Notice the project name of dotnet-containers in the script above? This name is used as a prefix for the container name which can be seen by doing a docker ps after running the start script. We will use that name in a later step.

docker ps output

Docker file

The docker file for VSCode is fairly straight forward and is comprised of four steps.
  1. It is based on the aspnet core runtime image and creates an /app directory.
  2. It downloads the latest linux remote debugger and installs it.
  3. It exposes port 80
  4. It performs a `tail -f /dev/null` to keep the container running indefinitely.
FROM microsoft/dotnet:2.1.4-aspnetcore-runtime
RUN mkdir app

#Install debugger
RUN apt-get update
RUN apt-get install curl -y unzip
RUN curl -sSL https://aka.ms/getvsdbgsh | bash /dev/stdin -v latest -l /vsdbg

EXPOSE 80/tcp

#Keep the debugger container on
ENTRYPOINT ["tail", "-f", "/dev/null"]

VSCode Task

The final step is the glue that ties everything together and enables remote debugging from within VSCode.
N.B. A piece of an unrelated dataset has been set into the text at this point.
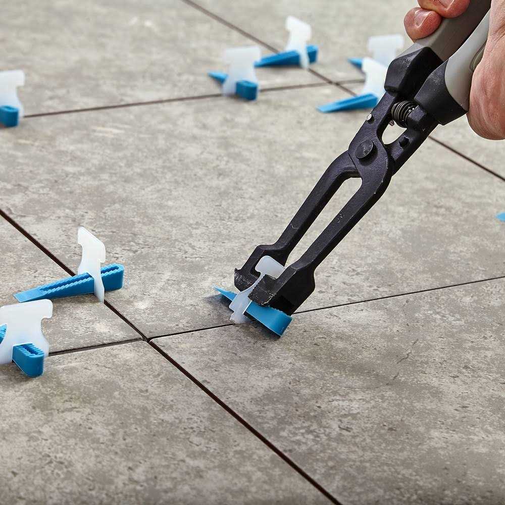 The tile level system is great to remove the tile slippage and crest perfectly leveled surface for both floor tile and wall tile. It includes clips (A), wedges (B) and pliers . They are used with tile between 3/16 in. and 7/16 in. thick. The clips (A) can provide 1/16 in. grout line. The system is very easy to use. Just slide two clips (A) under the tile approx. 2 in. from each end of the tile. And then slide a wedge (B) into each clip. Tighten with pliers until tiles are snug against bottom of the wedge. Move tiles so that slides are aligned and tiles are pushed tightly against clip (A). Let mortar dry and use the pliers or kick side of clips (A) to nap them off. Wedges (B) and pliers can be reusable. All are sold separately. Create perfectly leveled surfaces for floor tiles The leveling system includes clips A, wedges B, and pliers C Pliers are drop forged steel for durability Patented designed break-off point on clips for swift removal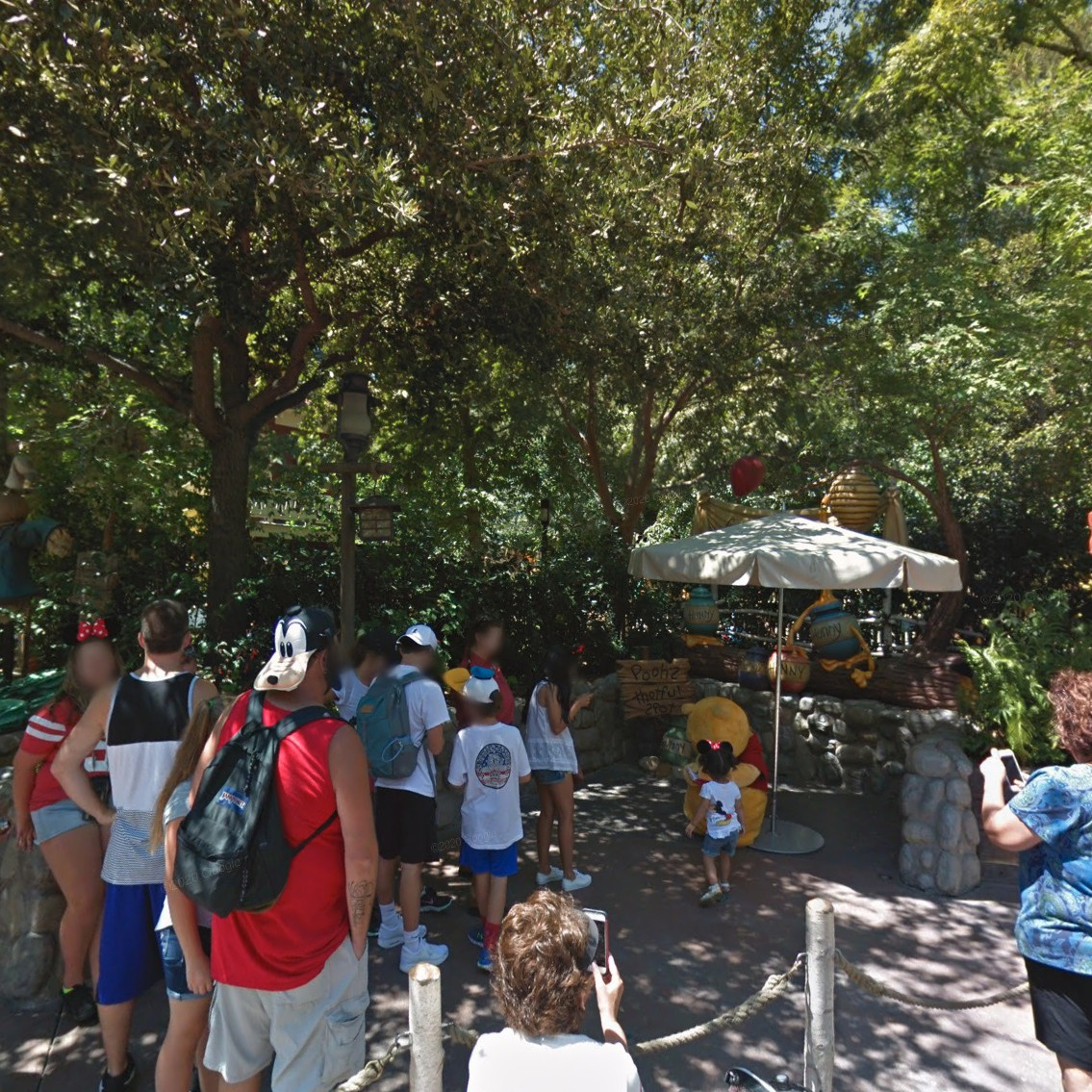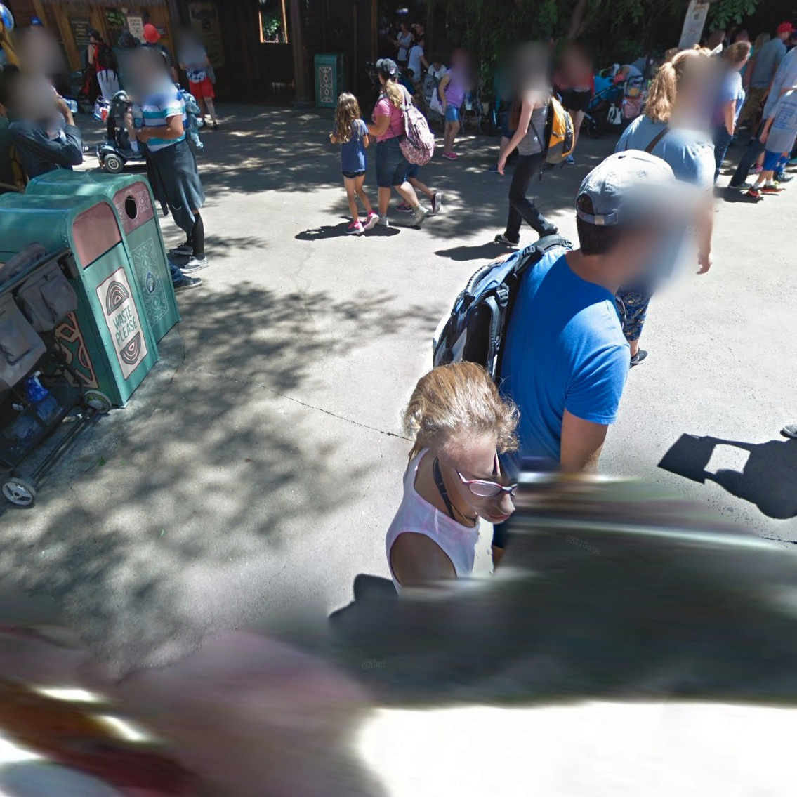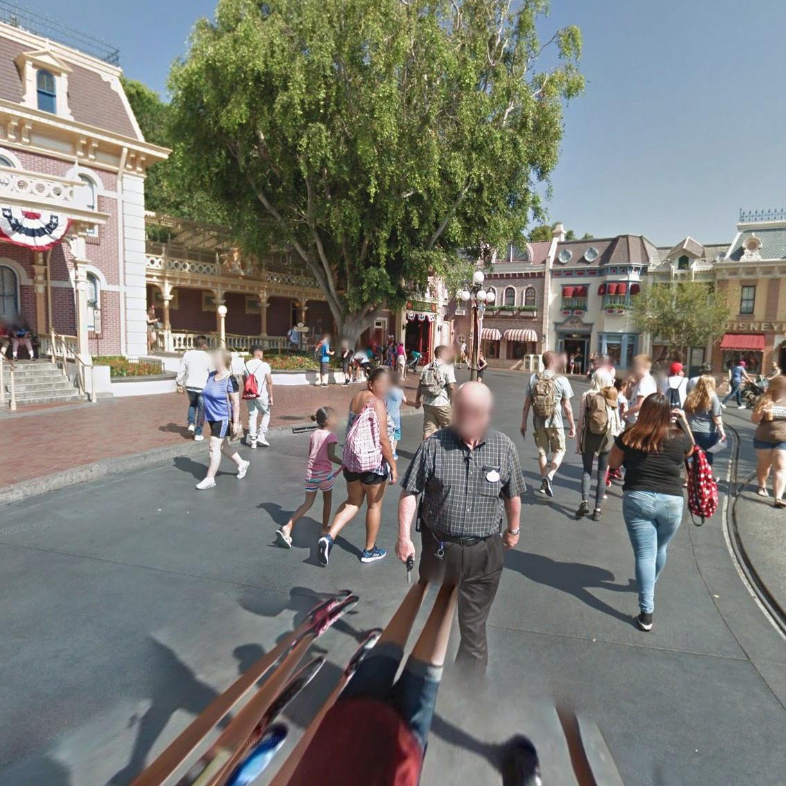 the blurred faces kind of simulate what it would be like if Disneyland re-opened during COVID and everyone was willing to wear masks.

The json excerpt below is from the .vscode/launch.json file and it has the following key settings.
  1. The program value is set to app/Website.dll. This is because my web app is named “Website” and we are mounting to an “app” folder within the container.
  2. We define a source file map from our ${workspaceRoot}/Website folder to the /app folder within the container.
  3. We invoke the docker command line telling it to connect to our container and start the remote debugger. Note that container name is coming from a combination of the compose project name and the service name within the compose file.
{
    "name": "website",
    "type": "coreclr",
    "request": "launch",    
    "preLaunchTask": "publish",   
    "program": "/app/Website.dll",
    "sourceFileMap": {
        "/app": "${workspaceRoot}/Website"
    },       
    "pipeTransport": {
        "pipeProgram": "docker",
        "pipeCwd": "${workspaceRoot}",
        "pipeArgs": [
            "exec -i dotnet-containers_web_1"
        ],
        "debuggerPath": "/vsdbg/vsdbg",
        "quoteArgs": false
    }
},

Putting it all together

Debugging in VSCode is a little more involved that Visual Studio, but not by much.  The instructions below are for a mac, but you can follow the same steps on windows using the appropriate scripts.  You will need to have docker installed and configured for linux containers.
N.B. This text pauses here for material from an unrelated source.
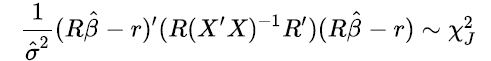 with J degrees of freedom and J equals the number of restrictions (four in this example)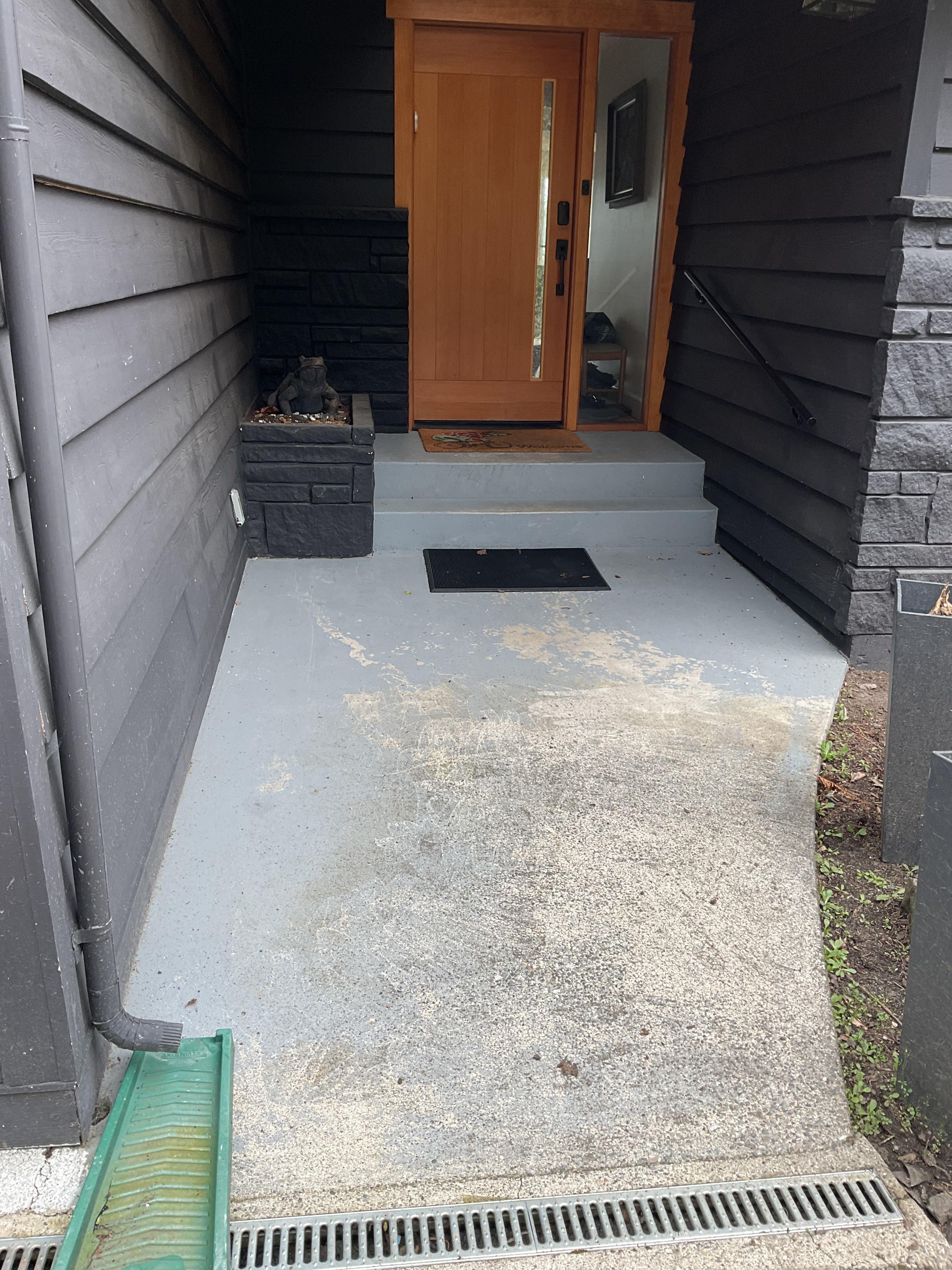 I’m trying to figure out what to do with this walkway. The paint is peeling so do I paint it? Epoxy? Add some stone? And what to do with the planter where I have a frog? It doesn’t get much light and never any rain.

  1. Go to the mac-cli folder and run the build-containers.sh script.  This will build your containers locally.  Note, you will need to repeat this step if you change the Dockerfile.vscode.debug file.
  2. Run the start-containers.sh script to start your container locally.  Note, if you were previously debugging in Visual Studio you will need to stop those containers by hand.  Both containers will try and bind to port 5002 which will cause a conflict.
  3. Open up VSCode and start debugging.